I would get Pomona's Universal pectin. Then you can make up your own recipes, use no sugar, all sugar, honey, stevia, agave, whatever you want.


----------



## Sarabeth (Sep 14, 2008)

Thanks, gals. I will have to get some pomona pectin, I have been reading up on it. BUT, I have about 10 boxes of regular pectin right now that I bought last year on clearance!! So, I think with that pectin, I'll stick to tried and true jelly, and for my more experimental ones, I will get some pomona.

PixieLou - thanks for the link. I have checked pickyourown before, but hadn't seen that chart. Very helpful! Thanks!


----------



## mistletoad (Apr 17, 2003)

This page gives all sorts of interesting information that might help you invent your new jelly recipes. I would think most Juicy Juice flavours would need additional acid as they tend to be quite sweet IIRC, but juices marketed to adults would probably be about right. I always start with the pectin test - I then add pectin from apple cores and peels if the juice doesn't gel.
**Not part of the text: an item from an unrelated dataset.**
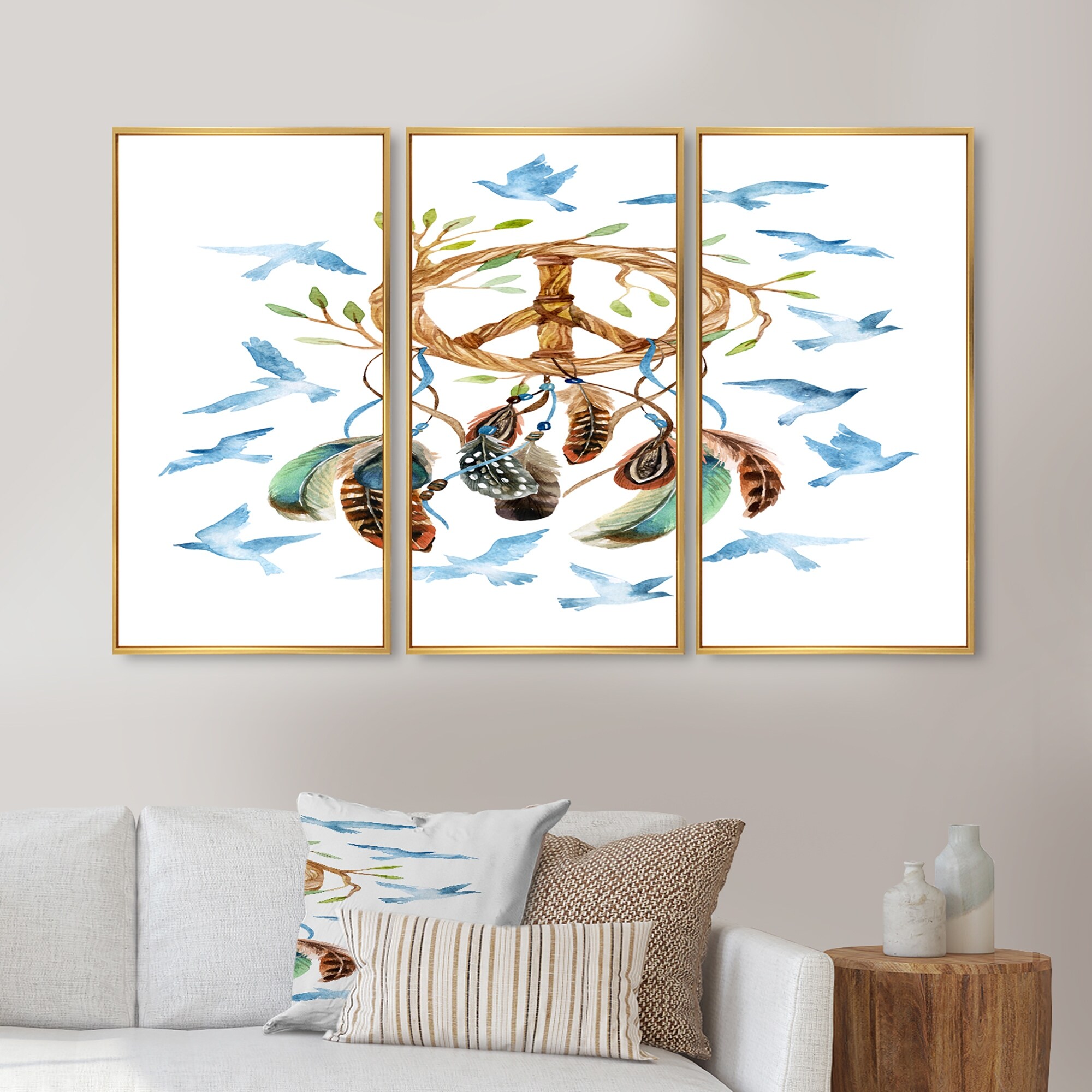Designart "Ethnic Dream Catcher And Peace Sign" Vintage Framed Canvas Wall Art Set of 3 - 4 Colors of Frames

I don't use commercial pectin.

http://www.extension.umn.edu/distribution/nutrition/dj0686.html


----------



## Sarabeth (Sep 14, 2008)

mistletoad said:


> This page gives all sorts of interesting information that might help you invent your new jelly recipes. I would think most Juicy Juice flavours would need additional acid as they tend to be quite sweet IIRC, but juices marketed to adults would probably be about right. I always start with the pectin test - I then add pectin from apple cores and peels if the juice doesn't gel. I don't use commercial pectin.
> 
> http://www.extension.umn.edu/distribution/nutrition/dj0686.html


Thanks Ill check that out! The juices I have are the more 'adult' flavored - not too sweet at all (I prefer tart juices).

I can't try any today, I'm babysitting my baby nephew, who is fussy today!! But I'll post my results when I start to tinker tomorrow....


----------